Tech sites reviewing his achievement say he has taken on quite a challenge. Programming for GPUs, as ExtremeTech put it, calls for a type of programmer who is willing to spend "a lot of brain cycles dealing with low-level details which distract from the main purpose of the code." Holk stuck to it, attempting to answer his own question: What if a language could be built up from scratch, designed from the start to support GPU programming? Harlan is special in that it can take care of the "grunt work" of GPU programming.

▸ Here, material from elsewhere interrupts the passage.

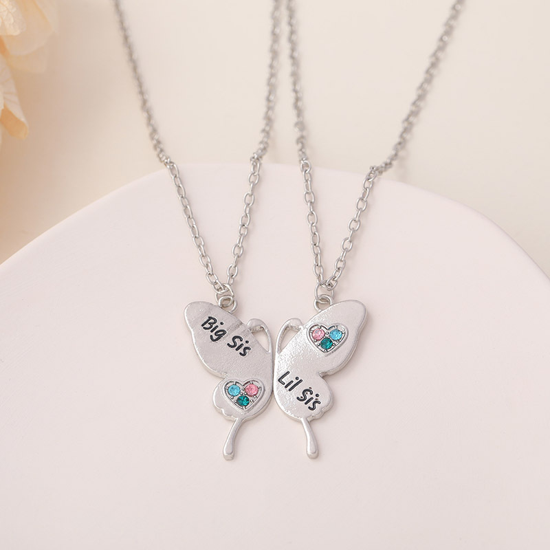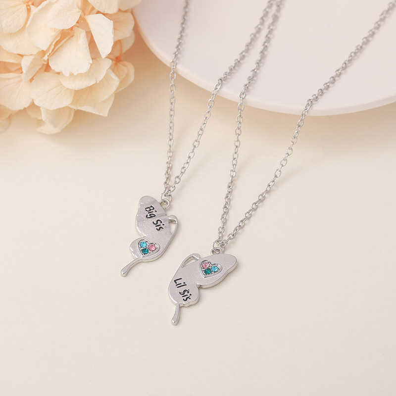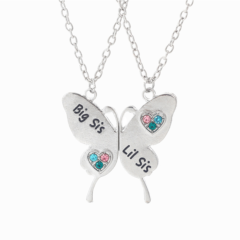 速卖通爆款蝴蝶形状爱心项链夸张个性不撞款独特情侣好朋友吊坠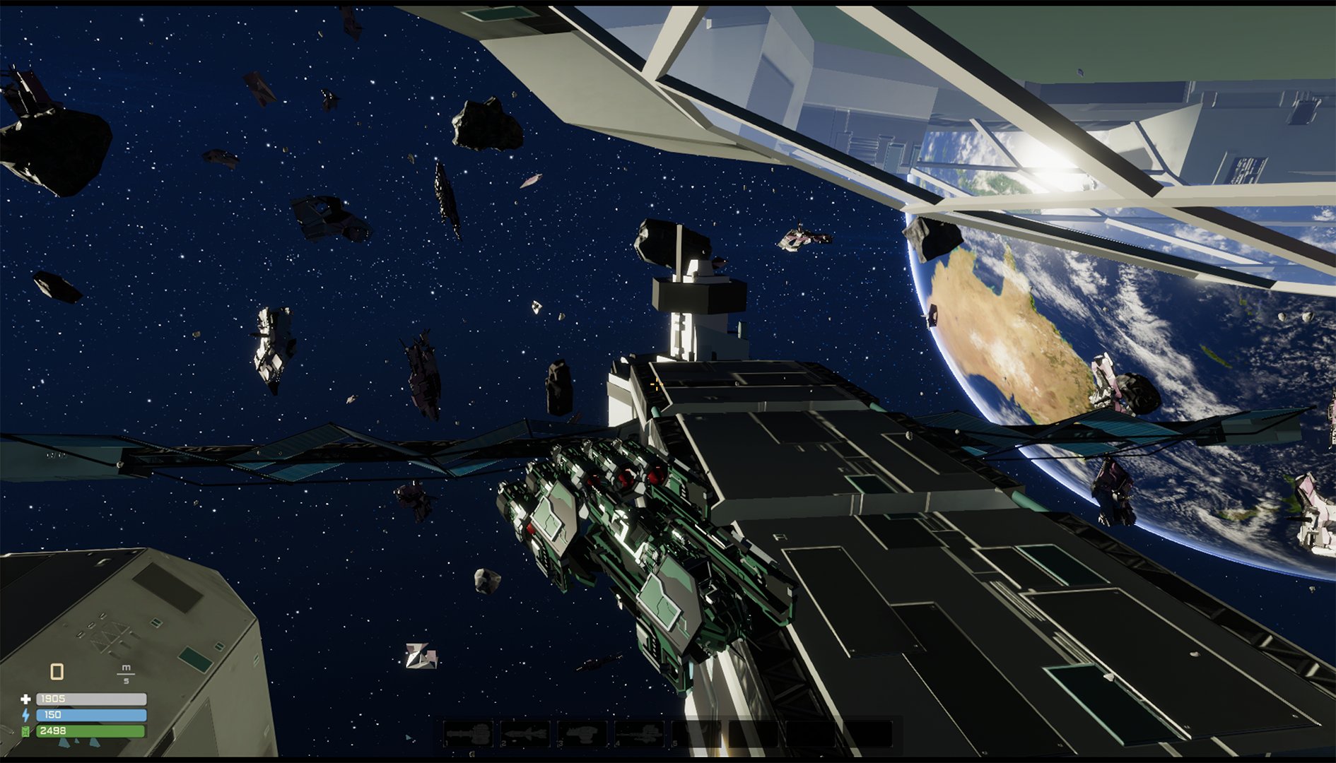 World generation and level design will be a gradual development. This update we added mega station into the earth's spawn location, to give Earth its own visual style. Dust clouds have been fixed and made a comeback.

A few key points about Harlan: (1) It can be compiled to OpenCL and can make use of the higher-level languages, Python and Ruby. (2) Syntax is based on Scheme, which is based on Lisp. Actually, when you start talking about Scheme, you become more immersed in Schemes of things. The Petite Chez Scheme is available for download. Chez Scheme is an implementation of Scheme based on an incremental optimizing compiler that produces code quickly. Petite Chez Scheme is a Scheme system compatible with Chez Scheme but uses a fast interpreter in place of the compiler. It was conceived as a runtime environment for compiled Chez Scheme applications, but can also be used as a standalone Scheme system. (3) Harlan runs on Mac OS X 10.6 (Snow Leopard), Mac OS X 10.7 (Lion), Mac OS X 10.8 (Mountain Lion), and "various flavors" of Linux. The github definition of Harlan calls it "a declarative, domain specific language for programming GPUs." According to the site, OpenCL implementations that should work.include the Intel OpenCL SDK, NVIDIA CUDA Toolkit, AMD Accelerated Parallel Processing (APP) SDK.
Holk announced Harlan in his blog as now available to the public as the result of about two years of work "Harlan," he stated, "aims to push the expressiveness of languages available for the GPU further than has been done before." He made note of its native support for rich data structures, including trees and ragged arrays.